Copenhagen-based Danske Bank (CPH: DANSKE), a major retail bank with more than 5 million retail customers, recently laid off 257 workers and finalized voluntary redundancy terms with another 261 employees as part of the banking service provider’s 2-year strategic overhaul of operations.
The recently announced layoffs and the voluntary redundancy agreements are reportedly a part of the discontinuation of around 1,600 jobs over a 6-12 month time period that began in October 2020.
Karsten Breum, Head of HR at Danske Bank, stated:
“We are undertaking a major transformation to adapt to the structural changes that are happening in the financial sector. That requires us to reduce costs significantly, and sadly, we cannot avoid layoffs in this connection. We continue to look at all cost types and other measures to reduce the number of layoffs necessary.”
Of the 257 positions that have been discontinued at Danske Bank, 155 were based in Denmark, 26 were from Norway, 35 in Sweden, and another 41 based in Finland.
It’s worth noting that Danske Bank has joined many other major financial institutions that have also laid off their workers and shut down physical branch locations following the COVID-19 outbreak.
As reported recently, Banco Santander S.A. (Santander Group) (BME:SAN), the world’s 16th-largest banking institution and financial services company based in Madrid, has been focused on cost-cutting measures in order to deal with the economic challenges created by the Coronavirus crisis.

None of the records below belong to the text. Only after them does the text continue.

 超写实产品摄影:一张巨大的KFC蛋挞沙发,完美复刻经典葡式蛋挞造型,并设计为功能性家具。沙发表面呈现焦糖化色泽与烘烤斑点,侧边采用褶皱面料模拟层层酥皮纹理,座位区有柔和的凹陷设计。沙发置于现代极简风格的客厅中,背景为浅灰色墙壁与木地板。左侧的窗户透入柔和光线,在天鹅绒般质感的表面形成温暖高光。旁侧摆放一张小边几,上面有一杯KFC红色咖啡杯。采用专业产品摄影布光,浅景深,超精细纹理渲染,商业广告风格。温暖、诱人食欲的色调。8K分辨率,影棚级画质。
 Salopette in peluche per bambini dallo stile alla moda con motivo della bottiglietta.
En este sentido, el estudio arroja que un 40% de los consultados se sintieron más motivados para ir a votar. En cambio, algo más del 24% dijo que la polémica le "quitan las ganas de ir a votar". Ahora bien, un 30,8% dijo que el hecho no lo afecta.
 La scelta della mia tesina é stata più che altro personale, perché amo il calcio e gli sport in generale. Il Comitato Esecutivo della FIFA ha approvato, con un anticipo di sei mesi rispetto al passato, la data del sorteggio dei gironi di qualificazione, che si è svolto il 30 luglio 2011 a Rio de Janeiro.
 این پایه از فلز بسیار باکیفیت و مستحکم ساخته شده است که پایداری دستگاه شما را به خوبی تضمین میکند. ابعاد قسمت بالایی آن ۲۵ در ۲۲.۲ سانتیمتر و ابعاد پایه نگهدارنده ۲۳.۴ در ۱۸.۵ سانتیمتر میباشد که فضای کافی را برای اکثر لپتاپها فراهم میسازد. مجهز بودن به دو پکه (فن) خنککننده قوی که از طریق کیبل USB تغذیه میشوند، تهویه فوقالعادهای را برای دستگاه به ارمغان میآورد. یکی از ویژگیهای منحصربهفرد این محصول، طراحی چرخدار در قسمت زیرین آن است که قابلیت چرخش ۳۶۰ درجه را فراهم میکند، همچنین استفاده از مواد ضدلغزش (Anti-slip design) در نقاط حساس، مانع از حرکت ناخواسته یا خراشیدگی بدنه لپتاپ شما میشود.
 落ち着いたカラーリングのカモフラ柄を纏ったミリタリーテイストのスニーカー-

Banco Santander along with other Spanish lenders are struggling to cope with extremely low-interest rates in the eurozone and also a gradual shift by consumers to online or digital banking platforms.
On November 13, 2020, Santander bank’s management decided they would cut around 4,000 jobs (about 14% of its total workforce in Spain, its main market). Santander is also closing down as many as 1,000 physical branch locations or approximately 32% of its offices based in Spain, according to sources familiar with the matter.
European banking institutions have been focused on making significant cost cuts and have also tried to partner with other service providers on various initiatives to further bring down operational expenses.
Caixabank (BME: CABK) has recently confirmed a €4.3 billion (appr. $5.1 billion) acquisition of its competitor Bankia BKIA.MC. The deal may lead to thousands of job cuts after it’s finalized.
Banks around the globe have been struggling to maintain operations due to really low-interest rates following the Coronavirus outbreak. Many more consumers now prefer to use all-digital banking services, especially in a post COVID world.
As reported recently, the Bank of India has postponed its plans to launch new physical branches as more consumers are using digital banking platforms.